1. Introduction to the NVIDIA Virtual GPU Management Pack for VMware vRealize Operations

NVIDIA® Virtual GPU Management Pack for VMware vRealize Operations enables you to use a VMware vRealize Operations cluster to monitor the performance of NVIDIA physical GPUs and virtual GPUs.

VMware vRealize Operations provides integrated performance, capacity, and configuration management capabilities for VMware vSphere, physical and hybrid cloud environments. It provides a management platform that can be extended by adding third-party management packs. For more information, see the VMware vRealize Operations Documentation.
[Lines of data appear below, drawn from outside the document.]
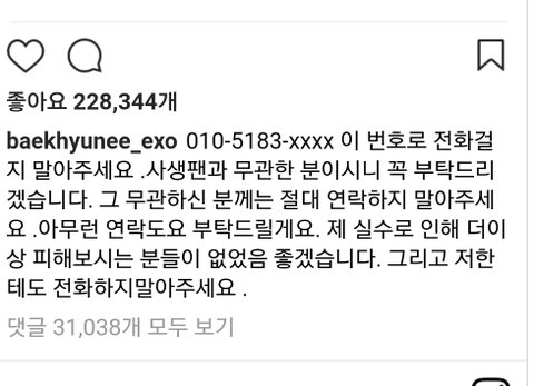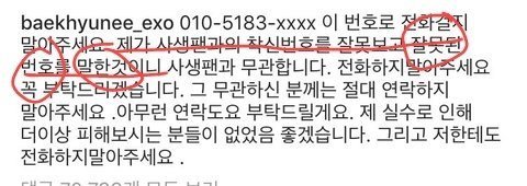 ㅅㅂ 잘 알고 말해 백현이 부른 번호는 사생 맞아 잘못 퍼진 거지
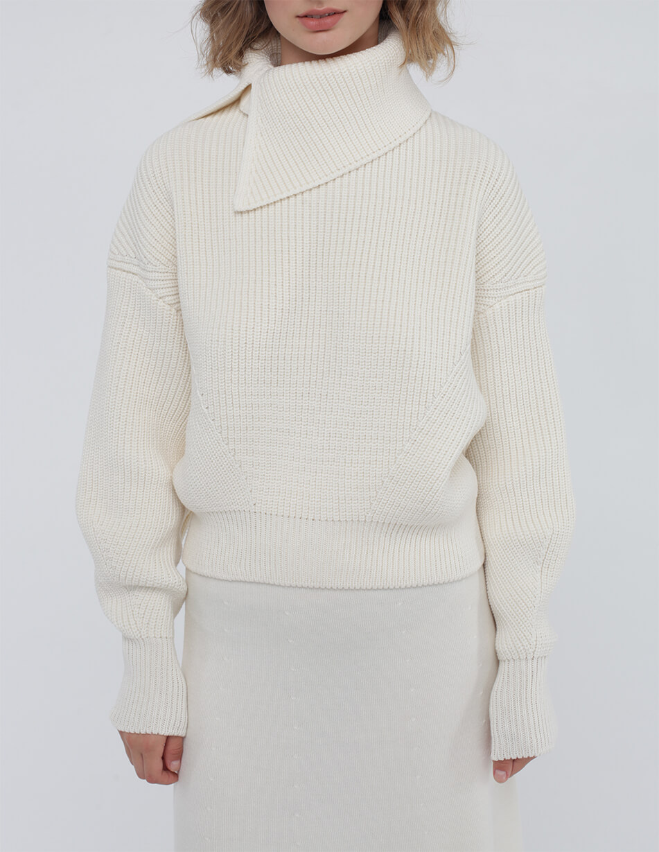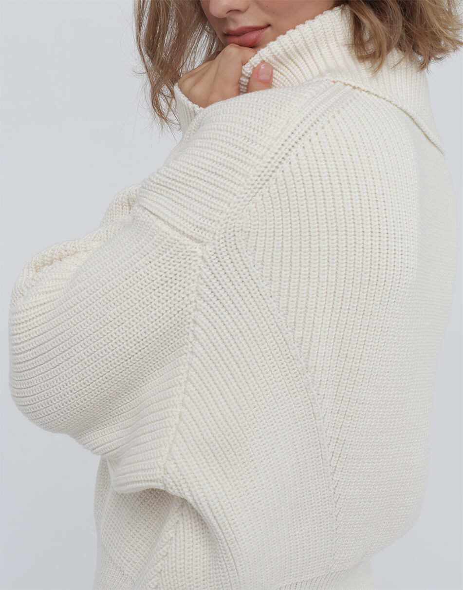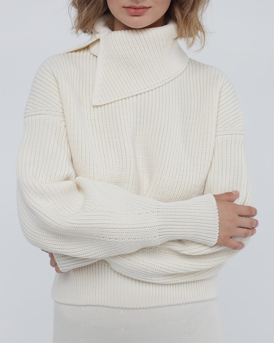 Доставка впродовж 2-5 робочих днівОб’ємний джемпер зі знімним коміром з мериносової вовни.
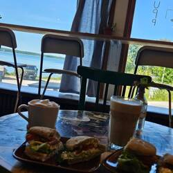 Den Morgencappucino nebst süßer Köstlichkeiten mit Blick aufs Wasser undЧитать далее
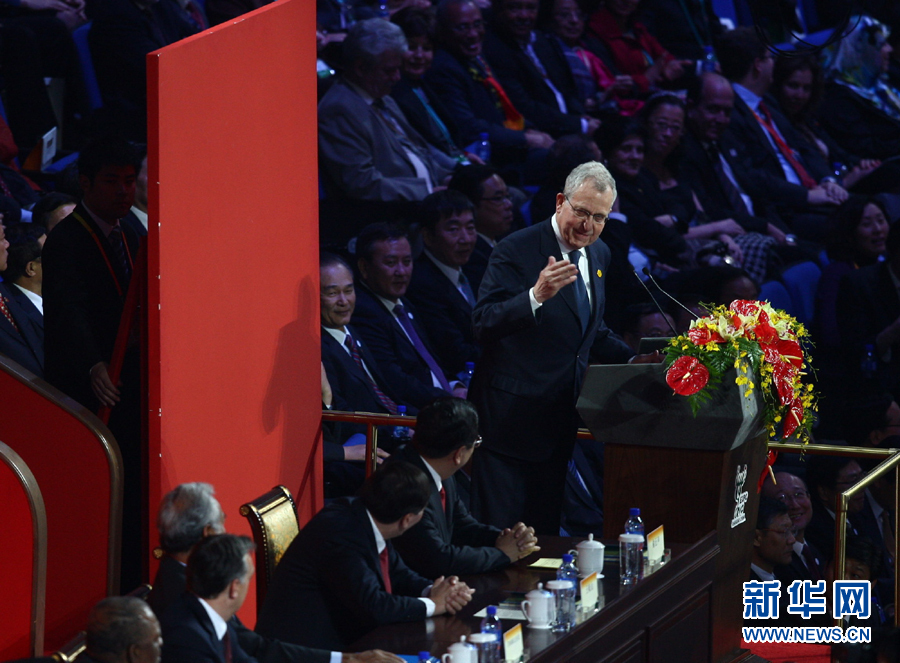 10月31日,中國2010年上海世博會閉幕式在世博文化中心舉行。這是國際展覽局主席藍峰在致辭。 新華社記者劉彬攝

NVIDIA Virtual GPU Management Pack for VMware vRealize Operations collects metrics and analytics for NVIDIA virtual GPU software from virtual GPU manager instances. It then sends these metrics to the metrics collector in a VMware vRealize Operations cluster, where they are displayed in custom NVIDIA dashboards.



Diagram showing how NVIDIA Virtual GPU Management Pack for VMware vRealize Operations collects metrics and analytics for NVIDIA virtual GPU software and displays them in custom NVIDIA dashboards.

2. Installing and Configuring the NVIDIA Virtual GPU Management Pack for VMware vRealize Operations

The NVIDIA Virtual GPU Management Pack for VMware vRealize Operations is distributed as a PAK (.pak) file. After installing the NVIDIA Virtual GPU Management Pack for VMware vRealize Operations, you must configure it by creating an NVIDIA vGPU adapter instance and, if you haven't already done so, by creating a VMware vCenter adapter instance.

2.1. Installation and Configuration Prerequisites

Before installing and configuring the NVIDIA Virtual GPU Management Pack for VMware vRealize Operations, ensure that the following prerequisites are met:

  • vRealize Operations Manager v6.6 or later is installed.
  • An NVIDIA virtual GPU software version 5.0 or later driver package is configured on the hosts in your VMware vSphere ESXi cluster.

2.2. Installing or Updating the Management Pack

The NVIDIA Virtual GPU Management Pack for VMware vRealize Operations is distributed as a PAK (.pak) file.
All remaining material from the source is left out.